Mobil Hidrogen Pertama pada Indonesia, Toyota Mirai Bikin Heboh GJAW

ICE BSD – Toyota perkenalkan dua mobil ramah lingkungan di dalam GJAW 2024, Crown HEV lalu Mirai FCEV. Foto: Sindonews/Muhamad Fadli Ramadan
PT Toyota Astra Motor (TAM) menghadirkan formasi lengkap kendaraan ramah lingkungan di tempat Gaikindo Ibukota Indonesia Auto Week (GJAW) 2024, yang tersebut berlangsung dalam ICE BSD City, Tangerang, pada 22 November – 1 Desember 2024.
Teknologi elektrifikasi yang dibawa adalah Hybrid Electric Vehicle (HEV), Plug-In Hybrid Electric Vehicle (PHEV), Battery Electric Vehicle (BEV), dan juga Fuel Cell Electric Vehicle (FCEV). Termasuk juga model-model yang telah lama diproduksi secara lokal seperti Kijang Innova Zenix HEV kemudian Yaris Cross HEV.
Lebih dari itu, Toyota turut memajang Flexy Fuel Vehicle (FFV) yang dimaksud sanggup memakai energi alternatif terbarukan, beserta deretan konversi mobil niaga serbaguna Hilux Rangga, serta GAZOO Racing (GR) family.

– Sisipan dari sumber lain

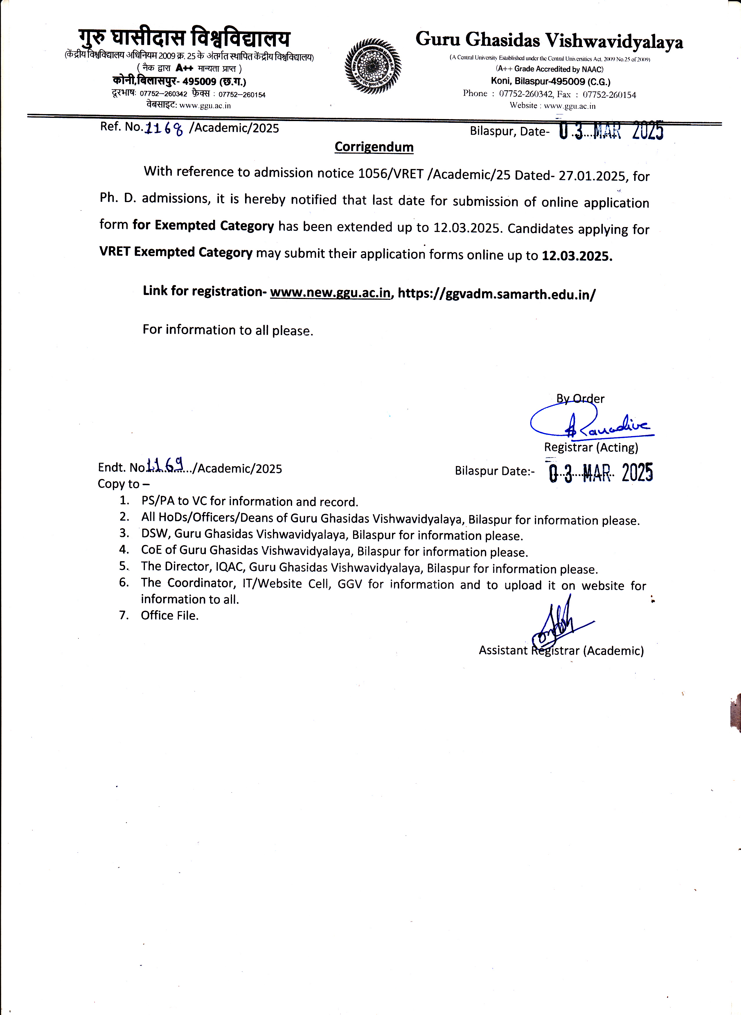 ऑनलाइन आवेदन के लिए URL (वी.आर.ई.टी. 2024-25) - https://ggvadm.samarth.edu.in/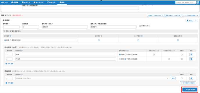 設定すると、応募者一覧で合否の一括登録ができるようになります。 |

“Sesuai Indonesia Net Zero Emission (NZE) Roadmap, Toyota memamerkan teknologi ramah lingkungan lengkap di area event GAIKINDO Ibukota Indonesia Auto Show 2024. Toyota memajang FCEV berbahan bakar hidrogen murni yang mana zero emission, untuk memperluas support terhadap upaya meningkatkan pemanfaatan energi terbarukan,” kata Hiroyuki Ueda, President Director PT TAM, di dalam arena GJAW 2024, hari terakhir pekan (22/11/2024).
Sebagai informasi, Toyota menjadi produsen terlaris pada pemasaran kendaraan elektrifikasi sebanyak 33.336 unit secara retail sales pada periode Januari-Oktober 2024. Naik sekitar 27 persen berbeda dengan tahun 2023 pada periode yang mana sama, dengan 80 persen diantaranya dari catatan pelanggan ini disumbang oleh model elektrifikasi yang tersebut diproduksi lokal.
Toyota Mirai Gen-2 FCEV hadir pertama kali di area Indonesia pada turnamen GJAW 2024. Hal ini merupakan FCEV yang menggunakan hidrogen murni sebagai sumber energi penggerak motor listrik. Sebab komponen balarnya menggunakan air murni, juga senyap khas mobil listrik.
Teknologi ini dapat mengambil bagian dimanfaatkan oleh moda transportasi lain, termasuk sumber energi untuk industri, perusahaan, serta rumah tangga. FCEV menggunakan sumber energi terbarukan yang digunakan tersedia luas di tempat alam yang dapat diolah menjadi gas hidrogen.
Dengan segala keunggulannya, FCEV menjadi salah satu opsi mobility solution masa depan di dalam Indonesia. Berlimpahnya sumber daya alam untuk memproduksi gas hidrogen, memberikan kesempatan untuk terlibat menghurangi pemakaian BBM fosil.
Toyota berikrar untuk mengupayakan upaya pemerintah Indonesia pada menjalankan skema transisi energi, di tempat mana salah satu targetnya adalah percepatan energi terbarukan sebesar 34 persen di dalam tahun 2030 untuk menuju Net Zero Emissionditahun2060.